Schiller talked to his supervisor. “David [Schiller]… I am totally against settling,” his supervisor wrote to him in an e-mail, “but how do we hold their feet to the fire…? Our attorneys have us over a barrel with their refusal to go to court.”
“There is not a man or woman in the DEA today that’s happy with the settlement and morale has been broken because of it,” Schiller said.
A senior DEA official spoke to the Washington Post on the condition of anonymity when the newspaper reached out for comment.
“We could have fined them out of existence, or indicted the company and put them out of business,” the official said. “I’d rather have one of the largest drug distributors be the poster child for detection and reporting of suspicious orders.”

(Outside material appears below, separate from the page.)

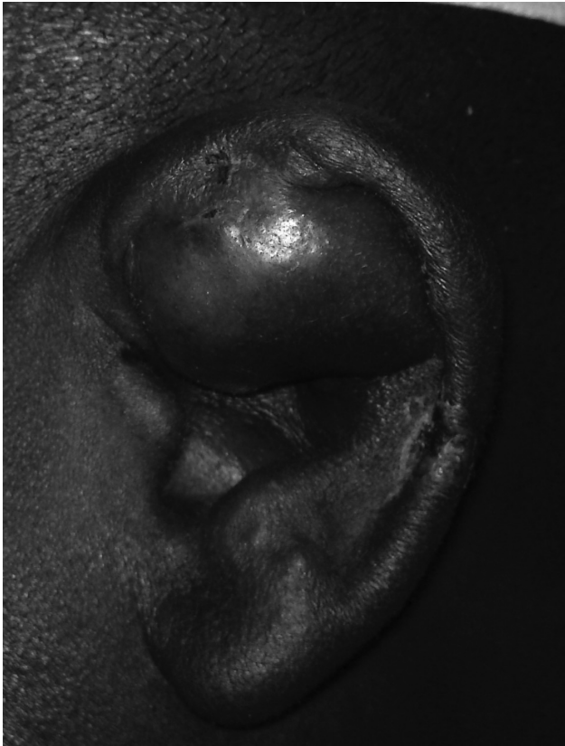
Fig. 5 Pseudocyst of one patient.

Another problem hindering the enforcement of the law is the revolving door between the DEA and the drug industry they purportedly regulate. A story published in the Washington Post in December 2016 found that pharmaceutical companies or their law firms had hired at least 42 former DEA officials since 2005. This includes 31 former employees of the DEA’s Diversion Control Division, the very division responsible for preventing prescription drugs from reaching the black market and holding the authority to suspend or revoke the licenses of doctors, pharmacies, and drug companies. Five former employees of the Division went to work at McKesson.
Legal action has been taken against drug distributors, but the fines are minuscule compared to the money the companies make by violating the law. For example, before McKesson paid the record $150 million civil penalty, it had been forced to pay a $13.5 million civil penalty in 2008 to settle similar allegations. In December 2016, Cardinal Health agreed to a $44 million settlement.
While these and smaller distributors collectively have paid $400 million in fines over the past 10 years, in that same time period the gross revenues for the companies was more than $5 trillion.
US attorney generals in 41 states so far have filed lawsuits against pharmaceutical companies. Inevitably, any settlement reached with the drug companies will be a mere pittance compared to money the companies make by violating the law and wreaking havoc on communities across the country.